Information supplied START

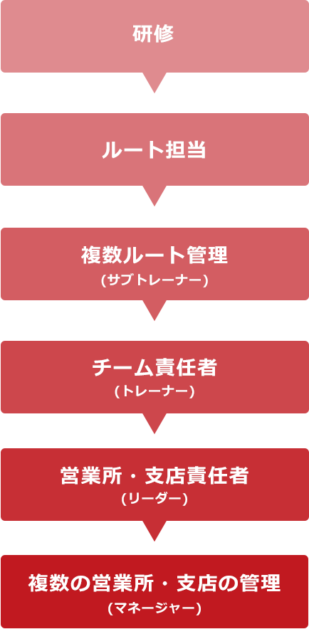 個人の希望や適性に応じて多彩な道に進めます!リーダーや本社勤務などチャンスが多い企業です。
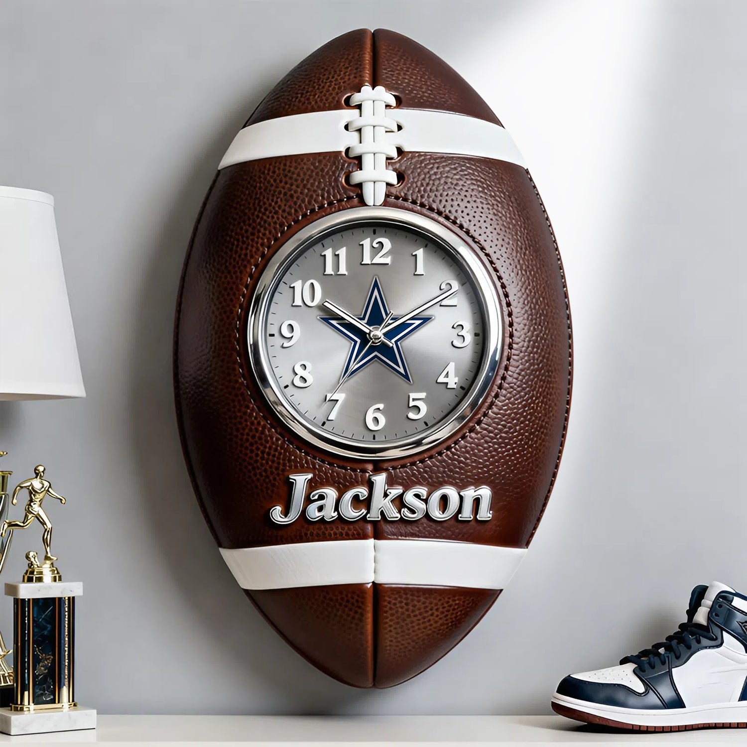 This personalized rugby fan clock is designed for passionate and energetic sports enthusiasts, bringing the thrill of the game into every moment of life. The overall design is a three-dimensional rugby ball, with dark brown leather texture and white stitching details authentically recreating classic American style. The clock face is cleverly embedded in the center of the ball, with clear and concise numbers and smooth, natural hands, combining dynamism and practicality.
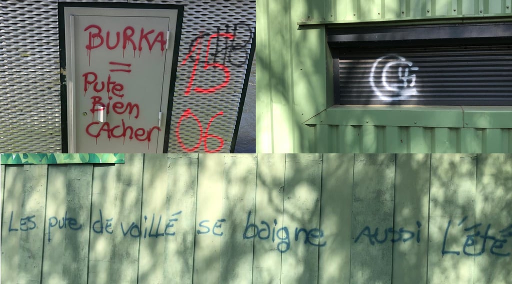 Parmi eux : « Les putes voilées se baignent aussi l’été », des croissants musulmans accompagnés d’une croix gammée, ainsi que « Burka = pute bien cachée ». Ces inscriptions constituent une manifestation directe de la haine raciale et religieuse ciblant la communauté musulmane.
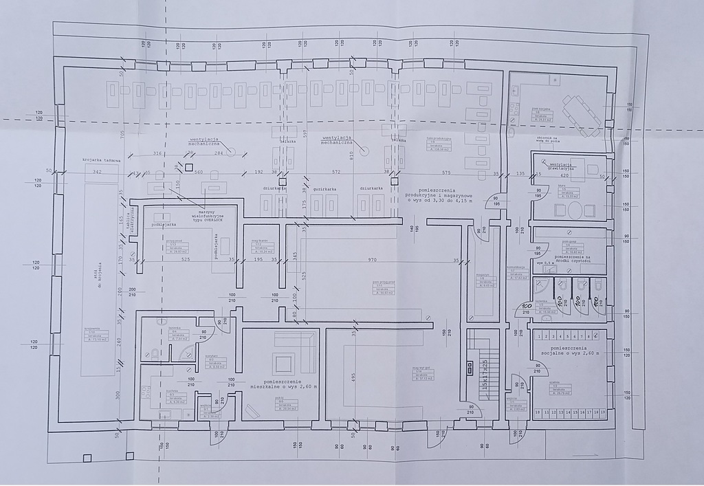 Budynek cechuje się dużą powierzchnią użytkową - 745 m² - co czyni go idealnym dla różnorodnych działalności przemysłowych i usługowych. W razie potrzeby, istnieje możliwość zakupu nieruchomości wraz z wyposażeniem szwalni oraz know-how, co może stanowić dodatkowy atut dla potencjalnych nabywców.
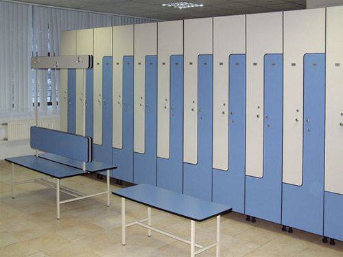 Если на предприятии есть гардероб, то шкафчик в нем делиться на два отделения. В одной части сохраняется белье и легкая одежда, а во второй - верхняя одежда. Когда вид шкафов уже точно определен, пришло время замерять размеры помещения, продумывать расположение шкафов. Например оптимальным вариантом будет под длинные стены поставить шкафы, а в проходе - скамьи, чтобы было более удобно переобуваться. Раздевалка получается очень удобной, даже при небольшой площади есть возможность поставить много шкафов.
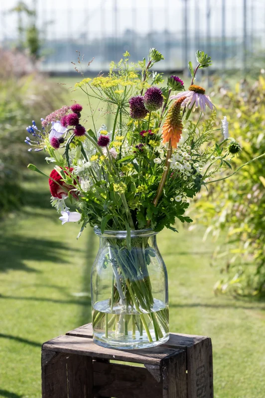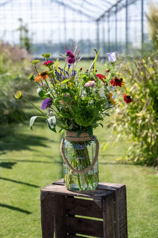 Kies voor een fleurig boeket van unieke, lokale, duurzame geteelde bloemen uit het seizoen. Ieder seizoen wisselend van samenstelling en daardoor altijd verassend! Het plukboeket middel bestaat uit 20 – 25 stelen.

Information supplied END
Information supplied START

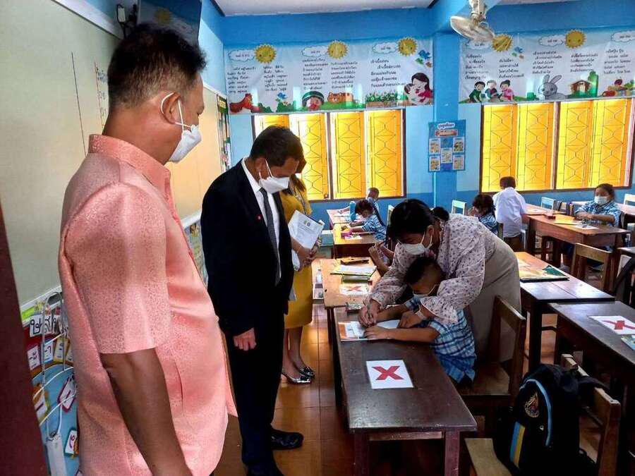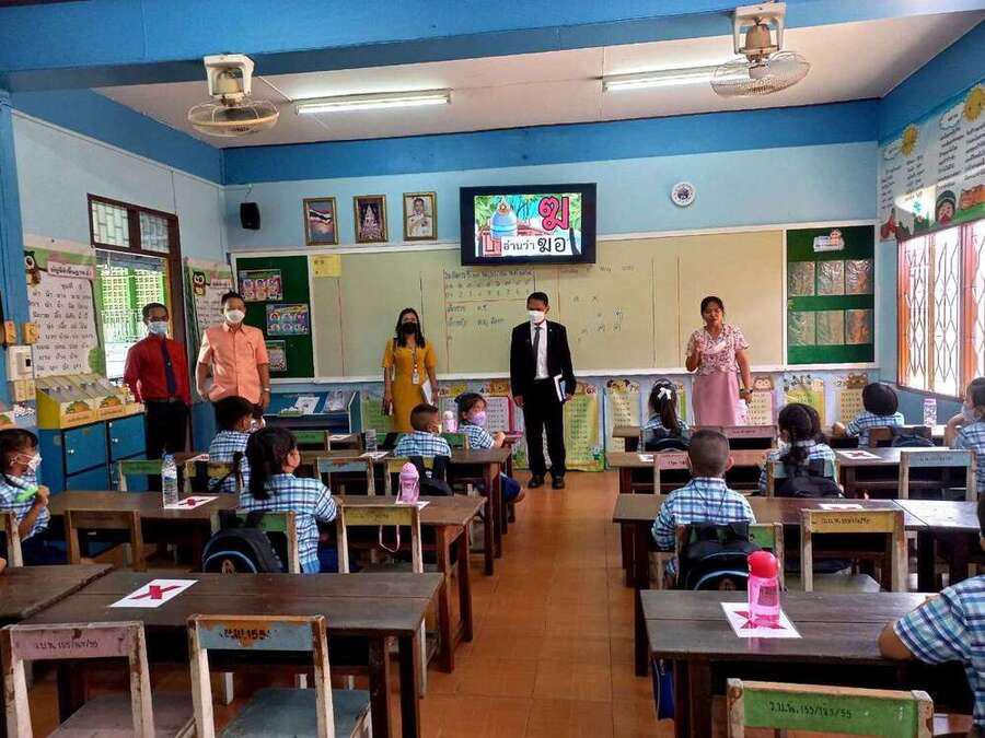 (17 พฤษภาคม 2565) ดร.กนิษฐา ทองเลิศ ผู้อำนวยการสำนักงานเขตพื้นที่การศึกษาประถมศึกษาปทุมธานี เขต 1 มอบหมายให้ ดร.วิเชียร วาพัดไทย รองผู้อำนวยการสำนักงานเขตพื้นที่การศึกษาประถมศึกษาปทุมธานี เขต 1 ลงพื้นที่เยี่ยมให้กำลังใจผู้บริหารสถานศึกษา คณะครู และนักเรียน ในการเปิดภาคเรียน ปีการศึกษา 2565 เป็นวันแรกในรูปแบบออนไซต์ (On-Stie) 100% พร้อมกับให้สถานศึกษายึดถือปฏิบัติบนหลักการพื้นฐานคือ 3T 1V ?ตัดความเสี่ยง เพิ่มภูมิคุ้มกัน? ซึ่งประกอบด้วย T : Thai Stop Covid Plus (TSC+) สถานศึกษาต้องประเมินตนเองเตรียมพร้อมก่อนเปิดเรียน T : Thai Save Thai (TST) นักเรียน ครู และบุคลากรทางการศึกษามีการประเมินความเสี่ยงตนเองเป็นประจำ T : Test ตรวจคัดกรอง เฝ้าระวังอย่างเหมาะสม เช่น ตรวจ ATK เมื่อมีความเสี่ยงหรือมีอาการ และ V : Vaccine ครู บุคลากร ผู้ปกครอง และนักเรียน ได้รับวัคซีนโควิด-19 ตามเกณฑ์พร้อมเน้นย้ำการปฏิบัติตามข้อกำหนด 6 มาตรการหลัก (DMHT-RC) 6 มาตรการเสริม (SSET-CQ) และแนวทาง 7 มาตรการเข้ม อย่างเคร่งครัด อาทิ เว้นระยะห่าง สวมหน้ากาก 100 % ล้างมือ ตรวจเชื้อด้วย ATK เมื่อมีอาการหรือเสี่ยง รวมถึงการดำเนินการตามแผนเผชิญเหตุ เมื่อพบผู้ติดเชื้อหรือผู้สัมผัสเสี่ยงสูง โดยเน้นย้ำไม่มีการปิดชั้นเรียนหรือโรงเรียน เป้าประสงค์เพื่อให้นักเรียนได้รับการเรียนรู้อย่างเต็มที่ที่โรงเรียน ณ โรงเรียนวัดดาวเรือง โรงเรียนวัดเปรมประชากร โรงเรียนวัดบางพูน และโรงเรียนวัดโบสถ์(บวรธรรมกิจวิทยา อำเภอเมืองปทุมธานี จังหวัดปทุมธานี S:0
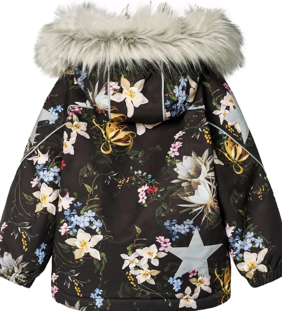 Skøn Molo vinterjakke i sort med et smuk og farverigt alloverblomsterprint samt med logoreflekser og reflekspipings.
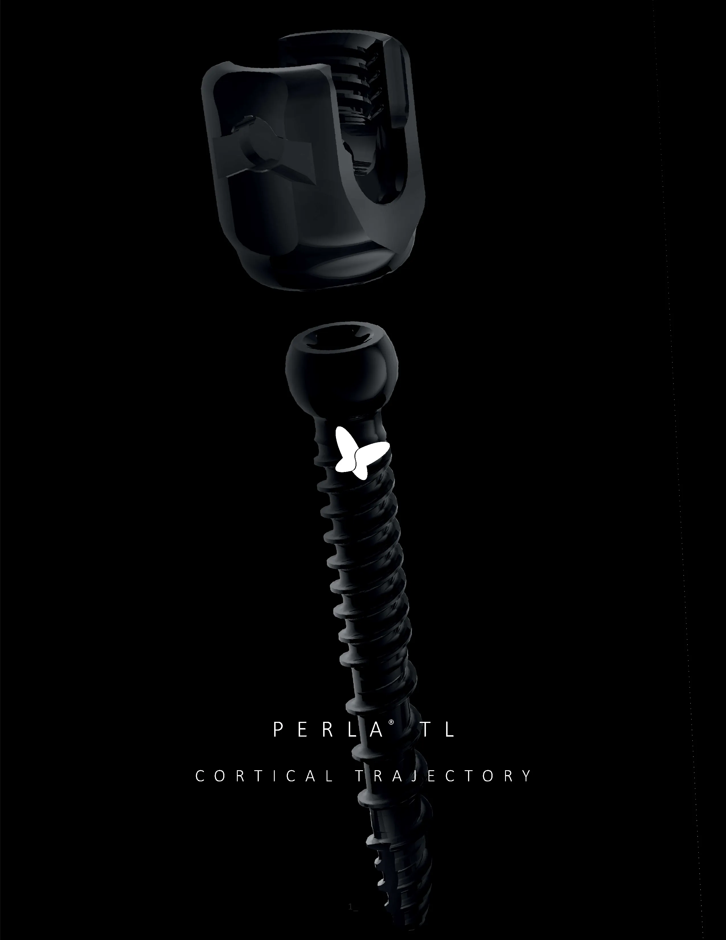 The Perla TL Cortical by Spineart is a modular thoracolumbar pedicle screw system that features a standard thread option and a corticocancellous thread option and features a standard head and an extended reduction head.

Information supplied END

* [Problem description] Starting at the line above that holds "Skøn Molo vinterjakke", return each line up to and including the one that holds "The Perla TL", exactly as written, minus any pictures.

* [Answer]
 Skøn Molo vinterjakke i sort med et smuk og farverigt alloverblomsterprint samt med logoreflekser og reflekspipings.
 The Perla TL Cortical by Spineart is a modular thoracolumbar pedicle screw system that features a standard thread option and a corticocancellous thread option and features a standard head and an extended reduction head.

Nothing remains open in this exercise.